** Opening Given records block **

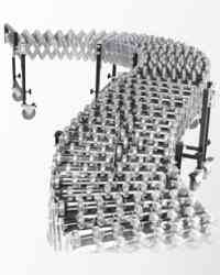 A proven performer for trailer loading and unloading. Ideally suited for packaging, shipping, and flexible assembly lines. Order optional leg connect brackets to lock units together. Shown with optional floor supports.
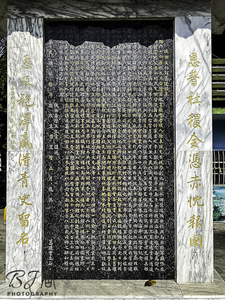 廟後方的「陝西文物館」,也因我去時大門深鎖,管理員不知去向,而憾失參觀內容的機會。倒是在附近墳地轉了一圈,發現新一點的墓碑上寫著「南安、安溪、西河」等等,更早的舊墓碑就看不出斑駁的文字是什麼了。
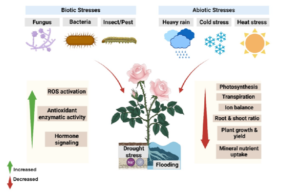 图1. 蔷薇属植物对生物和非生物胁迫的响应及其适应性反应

** Closing Given records block **
** Opening Given records block **

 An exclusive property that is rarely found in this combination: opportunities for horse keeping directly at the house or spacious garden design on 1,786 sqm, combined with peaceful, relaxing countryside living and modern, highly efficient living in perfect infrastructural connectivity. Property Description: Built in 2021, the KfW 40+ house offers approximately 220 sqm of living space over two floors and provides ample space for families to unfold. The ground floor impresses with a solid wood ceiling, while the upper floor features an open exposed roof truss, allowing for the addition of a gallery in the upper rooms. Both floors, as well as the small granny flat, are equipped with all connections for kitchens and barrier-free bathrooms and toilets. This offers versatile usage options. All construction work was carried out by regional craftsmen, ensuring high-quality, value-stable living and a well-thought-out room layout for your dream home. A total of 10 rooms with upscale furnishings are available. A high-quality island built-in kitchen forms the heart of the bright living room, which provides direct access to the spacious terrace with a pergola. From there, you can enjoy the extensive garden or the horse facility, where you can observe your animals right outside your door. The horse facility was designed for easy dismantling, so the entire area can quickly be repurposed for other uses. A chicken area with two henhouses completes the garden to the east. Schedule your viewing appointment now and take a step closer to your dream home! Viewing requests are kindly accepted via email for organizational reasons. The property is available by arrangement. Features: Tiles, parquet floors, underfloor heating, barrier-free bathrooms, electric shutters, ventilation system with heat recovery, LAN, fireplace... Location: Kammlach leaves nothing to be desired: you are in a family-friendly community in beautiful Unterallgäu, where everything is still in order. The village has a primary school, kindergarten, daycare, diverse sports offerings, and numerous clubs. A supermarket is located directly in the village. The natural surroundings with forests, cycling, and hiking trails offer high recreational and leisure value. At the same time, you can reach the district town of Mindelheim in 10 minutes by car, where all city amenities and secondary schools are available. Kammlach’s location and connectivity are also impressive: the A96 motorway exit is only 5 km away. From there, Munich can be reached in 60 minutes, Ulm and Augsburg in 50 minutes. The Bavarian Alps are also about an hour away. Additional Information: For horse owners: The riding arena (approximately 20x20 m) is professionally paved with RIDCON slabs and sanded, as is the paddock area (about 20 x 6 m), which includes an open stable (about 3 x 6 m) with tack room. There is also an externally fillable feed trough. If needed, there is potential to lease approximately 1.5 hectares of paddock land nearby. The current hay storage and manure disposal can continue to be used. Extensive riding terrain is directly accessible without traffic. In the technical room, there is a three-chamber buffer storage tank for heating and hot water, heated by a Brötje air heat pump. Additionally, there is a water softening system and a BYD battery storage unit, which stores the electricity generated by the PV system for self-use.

** Closing Given records block **
** Opening Given records block **

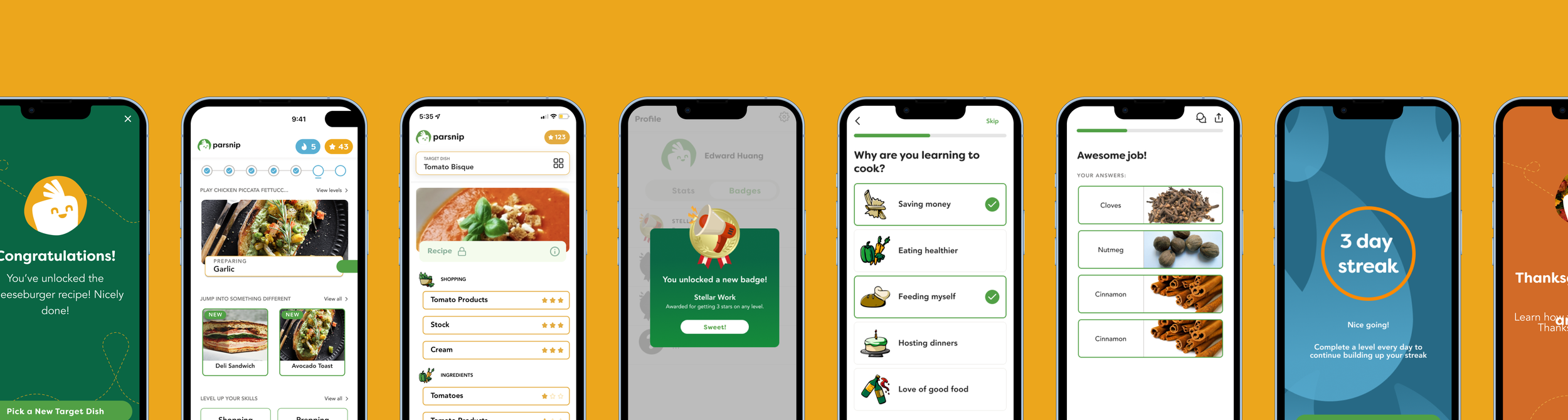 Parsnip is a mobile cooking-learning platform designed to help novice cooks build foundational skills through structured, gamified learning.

** Closing Given records block **

Repeat exactly the lines above, beginning at the one containing "A proven performer" and ending at the one containing "图1. 蔷薇属植物对生物和非生物胁迫的响应及其适应性反应". Do not carry over any pictures.

 A proven performer for trailer loading and unloading. Ideally suited for packaging, shipping, and flexible assembly lines. Order optional leg connect brackets to lock units together. Shown with optional floor supports.
 廟後方的「陝西文物館」,也因我去時大門深鎖,管理員不知去向,而憾失參觀內容的機會。倒是在附近墳地轉了一圈,發現新一點的墓碑上寫著「南安、安溪、西河」等等,更早的舊墓碑就看不出斑駁的文字是什麼了。
 图1. 蔷薇属植物对生物和非生物胁迫的响应及其适应性反应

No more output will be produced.